**Records shown:**
Start of Block

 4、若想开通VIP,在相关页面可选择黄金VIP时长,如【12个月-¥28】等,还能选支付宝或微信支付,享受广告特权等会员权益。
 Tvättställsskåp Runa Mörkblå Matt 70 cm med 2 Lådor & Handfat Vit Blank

End of Block
Start of Block

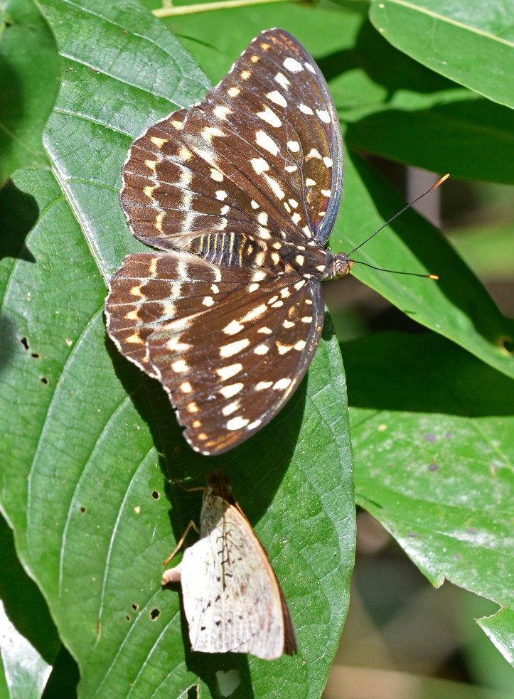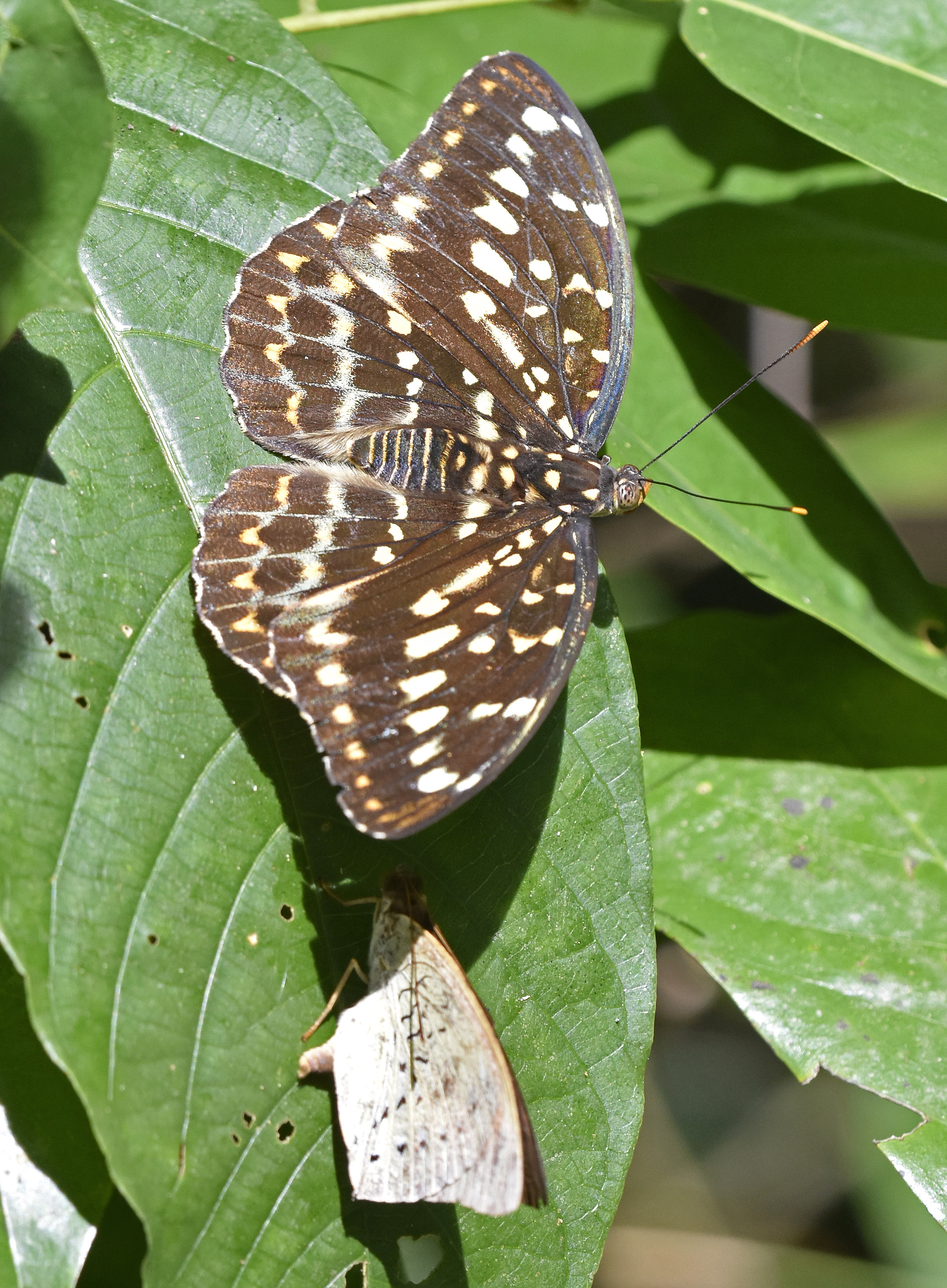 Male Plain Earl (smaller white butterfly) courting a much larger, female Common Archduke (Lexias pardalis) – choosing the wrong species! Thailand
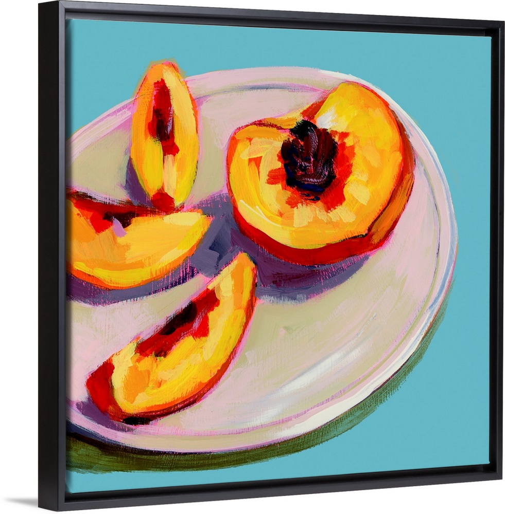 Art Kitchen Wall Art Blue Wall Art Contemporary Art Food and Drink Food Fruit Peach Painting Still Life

End of Block

**Work instructions:**
Reproduce exactly the stretch of the material above that starts at the line with "4、若想开通VIP,在相关页" and ends at the line with "Tvättställsskåp Runa Mörkblå", both included, and nothing else.

**Task result:**
 4、若想开通VIP,在相关页面可选择黄金VIP时长,如【12个月-¥28】等,还能选支付宝或微信支付,享受广告特权等会员权益。
 Tvättställsskåp Runa Mörkblå Matt 70 cm med 2 Lådor & Handfat Vit Blank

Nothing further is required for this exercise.